Work item ▸
Below, find the line containing "En el sector" and the line containing "18″ Peach 7-8mm"; reproduce exactly those two and every line between them, omitting pictures.

+++ Data for this exercise

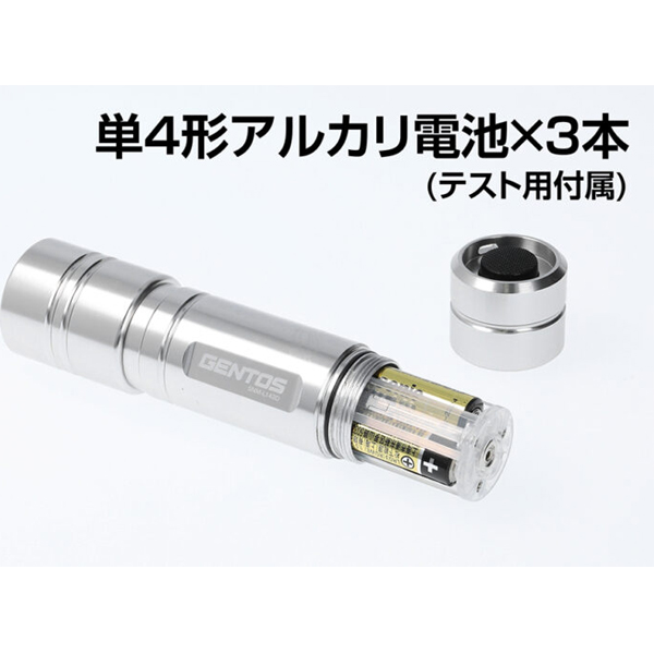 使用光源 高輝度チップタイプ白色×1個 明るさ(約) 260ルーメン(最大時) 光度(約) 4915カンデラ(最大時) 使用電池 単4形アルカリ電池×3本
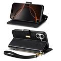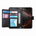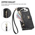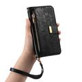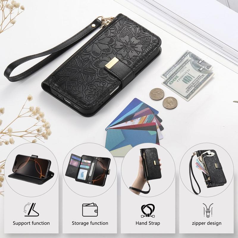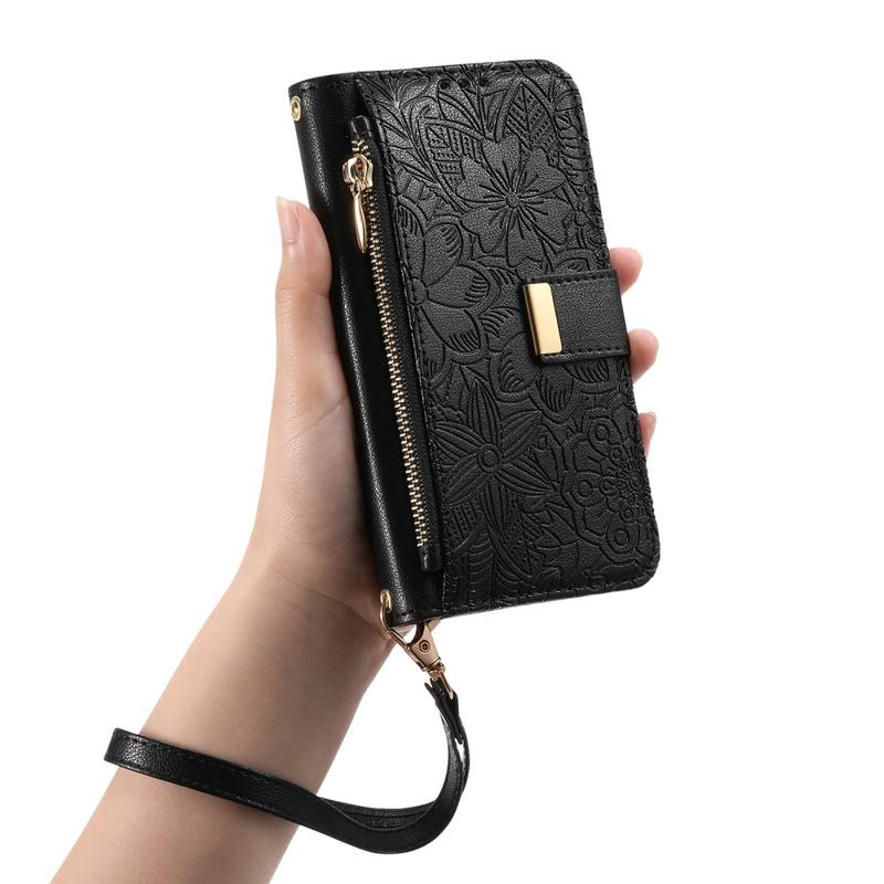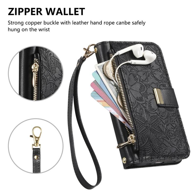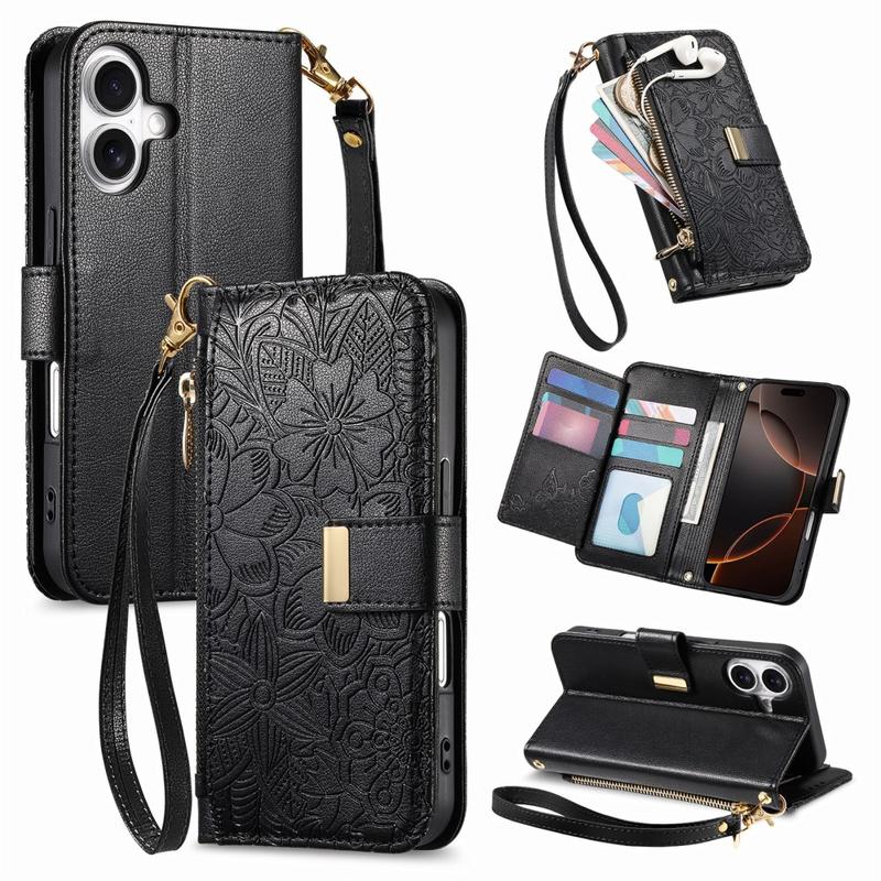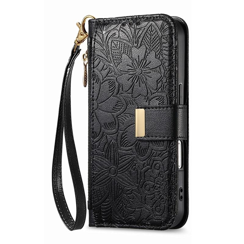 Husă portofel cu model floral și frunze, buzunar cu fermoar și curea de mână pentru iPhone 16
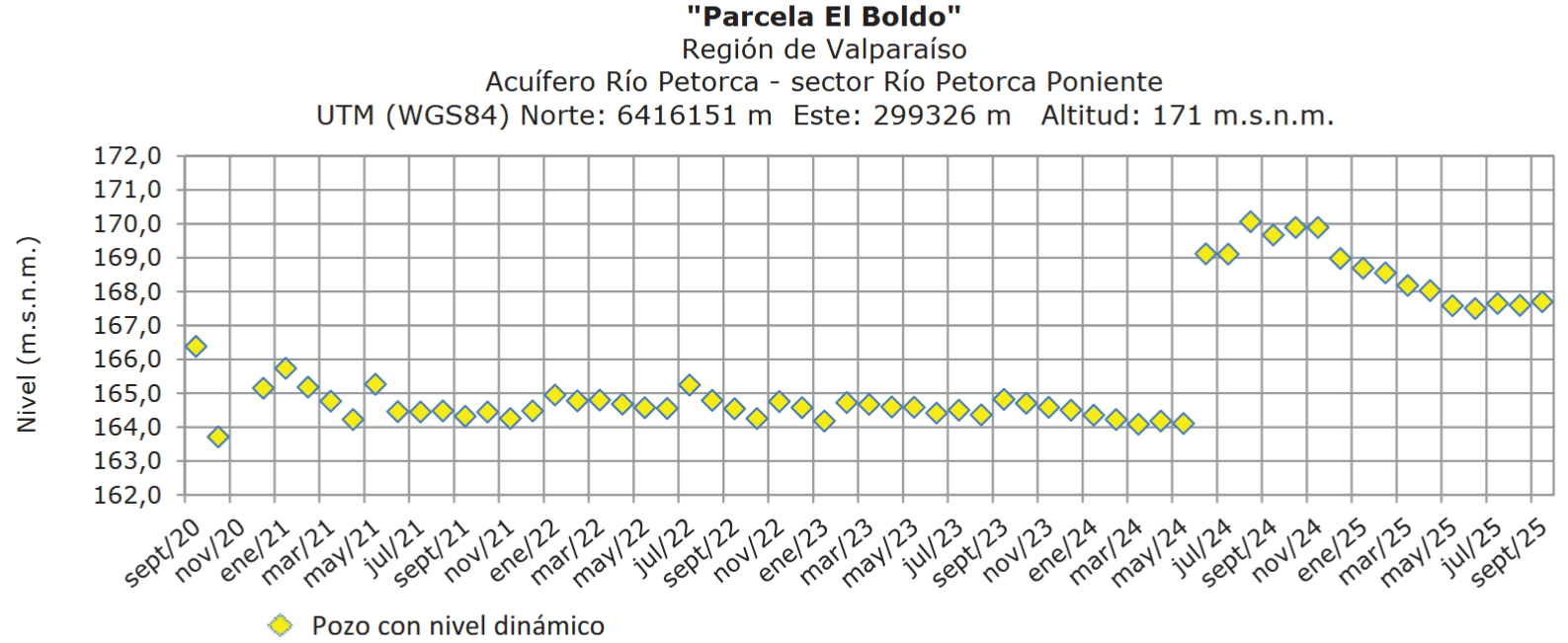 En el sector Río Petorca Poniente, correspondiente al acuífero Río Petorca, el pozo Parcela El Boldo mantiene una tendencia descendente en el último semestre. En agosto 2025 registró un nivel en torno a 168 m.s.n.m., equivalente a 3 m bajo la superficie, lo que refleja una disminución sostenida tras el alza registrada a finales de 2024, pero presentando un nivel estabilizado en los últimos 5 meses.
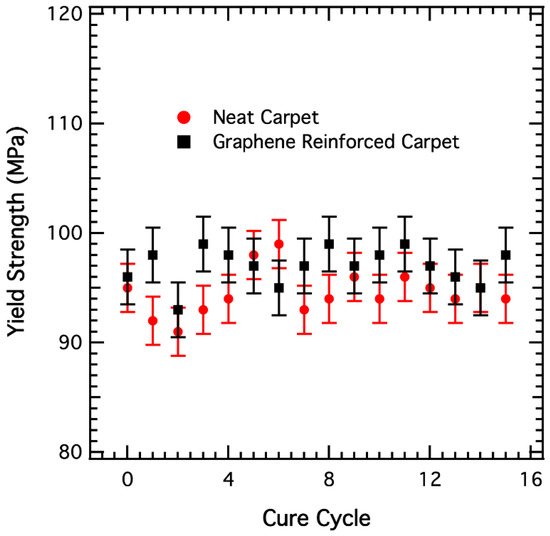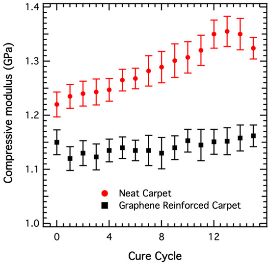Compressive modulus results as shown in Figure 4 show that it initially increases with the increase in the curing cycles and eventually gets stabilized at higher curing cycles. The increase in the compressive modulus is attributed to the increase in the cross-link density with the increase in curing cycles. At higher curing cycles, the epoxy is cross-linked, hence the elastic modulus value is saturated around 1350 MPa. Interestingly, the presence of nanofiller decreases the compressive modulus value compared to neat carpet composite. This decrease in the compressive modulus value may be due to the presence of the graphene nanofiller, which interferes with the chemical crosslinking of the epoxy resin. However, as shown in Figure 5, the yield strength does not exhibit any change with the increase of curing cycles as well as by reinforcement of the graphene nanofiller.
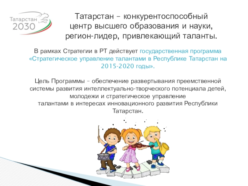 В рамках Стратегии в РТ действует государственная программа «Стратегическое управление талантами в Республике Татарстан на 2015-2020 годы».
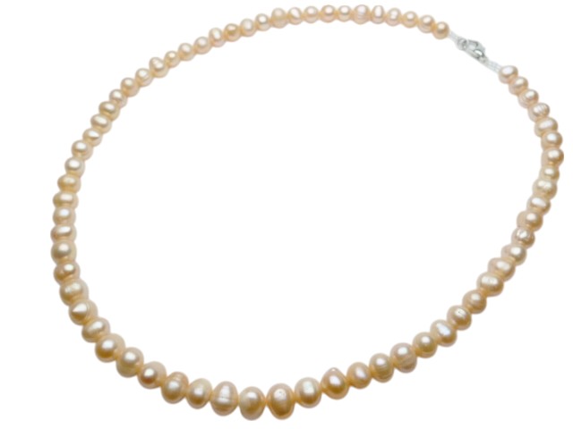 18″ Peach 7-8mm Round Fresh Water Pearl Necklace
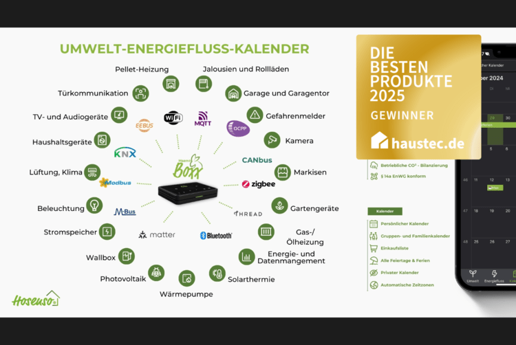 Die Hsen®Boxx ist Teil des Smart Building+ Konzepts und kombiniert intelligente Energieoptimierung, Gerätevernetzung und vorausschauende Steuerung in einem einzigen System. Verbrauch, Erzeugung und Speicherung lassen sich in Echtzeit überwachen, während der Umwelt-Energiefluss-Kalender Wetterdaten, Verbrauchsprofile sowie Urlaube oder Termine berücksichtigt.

++++++

Completed task ▸
 En el sector Río Petorca Poniente, correspondiente al acuífero Río Petorca, el pozo Parcela El Boldo mantiene una tendencia descendente en el último semestre. En agosto 2025 registró un nivel en torno a 168 m.s.n.m., equivalente a 3 m bajo la superficie, lo que refleja una disminución sostenida tras el alza registrada a finales de 2024, pero presentando un nivel estabilizado en los últimos 5 meses.
Compressive modulus results as shown in Figure 4 show that it initially increases with the increase in the curing cycles and eventually gets stabilized at higher curing cycles. The increase in the compressive modulus is attributed to the increase in the cross-link density with the increase in curing cycles. At higher curing cycles, the epoxy is cross-linked, hence the elastic modulus value is saturated around 1350 MPa. Interestingly, the presence of nanofiller decreases the compressive modulus value compared to neat carpet composite. This decrease in the compressive modulus value may be due to the presence of the graphene nanofiller, which interferes with the chemical crosslinking of the epoxy resin. However, as shown in Figure 5, the yield strength does not exhibit any change with the increase of curing cycles as well as by reinforcement of the graphene nanofiller.
 В рамках Стратегии в РТ действует государственная программа «Стратегическое управление талантами в Республике Татарстан на 2015-2020 годы».
 18″ Peach 7-8mm Round Fresh Water Pearl Necklace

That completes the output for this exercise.